Sadja was busy looking over the crook of his arm. “Did he nick the TV guide again?”
“Caaaiiid!?” Tom fussed—but Sadja tried to yank the comics section out, and no way she was doing that.
Tom practically crumpled the whole thing trying to keep a grip, extra pages falling everywhere. He growled and sputtered and Sadja just held on tighter and stuck her tongue out at him, still pulling.
So of course it ripped, and there went the comics section, torn neatly in half, and both of them fell flat on their asses on the floor. From where he was taking up the entire sofa again, Caiden snorted a short excuse for a quiet laugh or two.
Surandil hardly noticed any of it, since he calmly removed some of the only sections left: style and fashion, arts and culture, and… obituaries. Tom was just about to ask why the f—
“You may have your favorite sections, Drake,” Surandil said before Tom could speak a word. “I do not believe anyone else desires them,” he added pointedly, dropping a few papers in Tom’s lap.
Oh yeah, the naughty sections.
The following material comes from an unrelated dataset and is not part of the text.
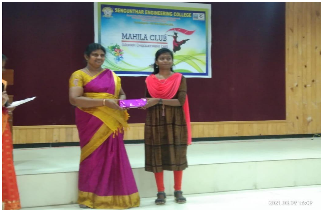
Glimpses of Women's Day Celebration

Heheh—
“Hey, they aren’t that bad!” Tom almost snapped, only just now realizing just how judgmental Surandil had sounded.
Then he looked at the torn-up, sad first half of a bunch of comics in one hand. Sadja was looking at hers, too, but it was upside-down.
“I dunno how to read this,” she said very simply and without the tiniest iota of shame. And she made her way back over to Tom and sat down beside him, scraps in hand. Tom took them and got them back into position to hold the two halves together while Sadja leaned near his shoulder.
Yeah, he always ended up reading the comics out loud to her. And yeah, they usually tore them in half first, because they always fought over them. Why? Who the hell knew?
About halfway through, Sadja snatched for what was left of the rest of the newspaper and said, “Anybody take the cooking stuff?”
And that was the section she got Caiden to read to her. Tom snickered.
Then he went back to reading the rest of the comics for Sadja and definitely getting absolutely no help from her illiteracy while they tried to do crosswords together.